Event-related material
Records concerning identifiable incidents, actions, policies, decisions, changes, or conditions affecting people, communities, schools, sites, or environments.
The Center works through documentation, classification, careful handling, and selected public reporting within defined limits.
This page outlines the Center’s public methodological logic: what kinds of material fall within scope, how records may be classified, and why submission, review, retention, and publication remain distinct.
The Center’s documentation scope includes Indigenous rights, language and education, land and resource impacts, environmental harm, cultural destruction, procedural exclusion, and related human rights concerns.
Records concerning identifiable incidents, actions, policies, decisions, changes, or conditions affecting people, communities, schools, sites, or environments.
Records that indicate repeated practices, recurring pressure, or broader structural conditions over time or across multiple places.

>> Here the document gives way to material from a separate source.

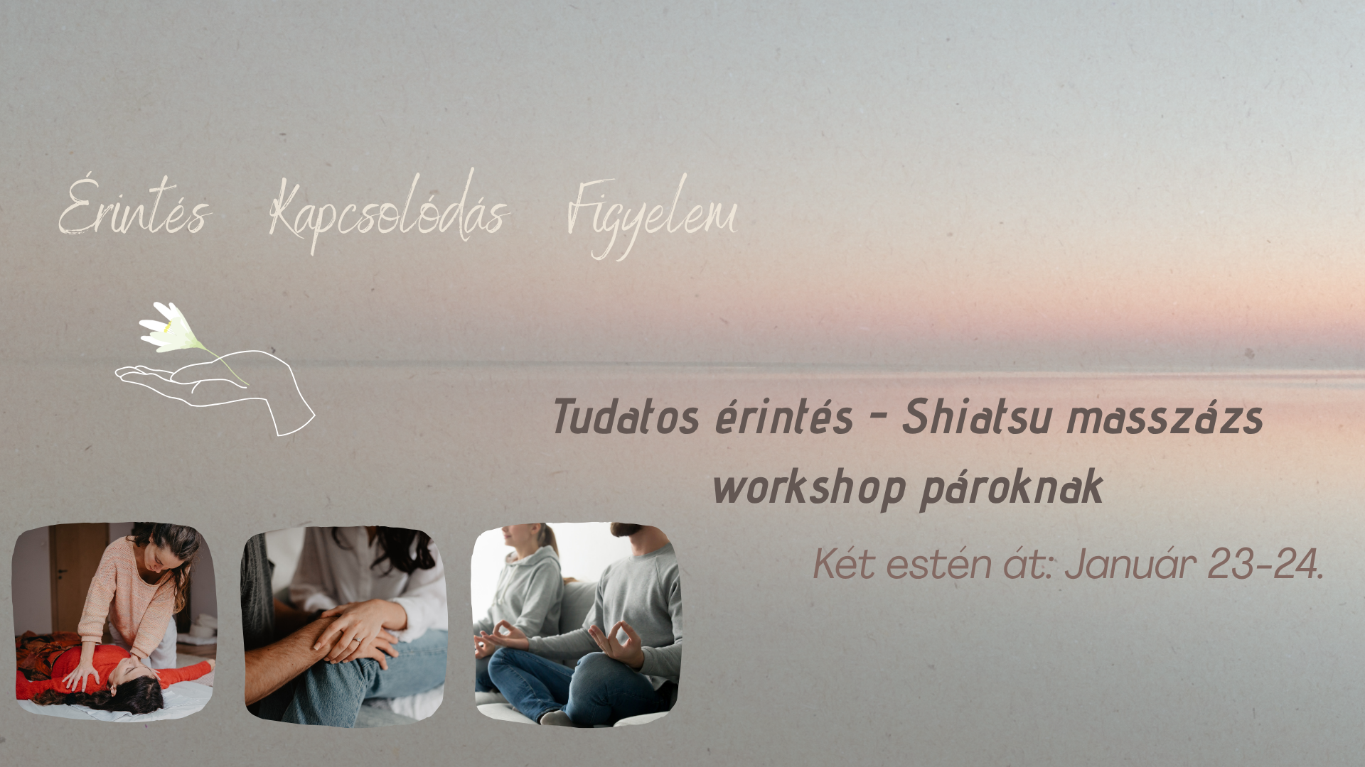 Ezen a két estén kizárva a világot egy bensőséges környezetben: egymásra hangolódhattok, lelassulhattok, figyelhettek egymás rezdüléseire: tudatos, finom, érzékeny érintések által, a Shiatsu kezelés keretein belül.

Supporting background such as notices, maps, school records, correspondence, local materials, or contextual documents that help interpretation.
Classification helps distinguish between different types of records: specific events, recurring patterns, contextual support, sensitive material, and public-facing outputs prepared for broader use.
Without classification, a documentation platform quickly loses clarity and becomes difficult to use responsibly.
The Center distinguishes between public material, internal material, restricted material, and material unsuitable for open release at a given time.
This distinction exists for reasons of safety, privacy, context, uncertainty, and documentary discipline.
Public reports, archive pages, and summaries are selected outputs. They do not necessarily reflect the full body of material received, retained, or reviewed.
Publication is one possible outcome of documentation work, not its only purpose.
This page does not claim that all records can be verified in the same way or reduced to a single formula. It offers a public explanation of method, boundary, and handling logic.
Its aim is public clarity rather than total procedural detail.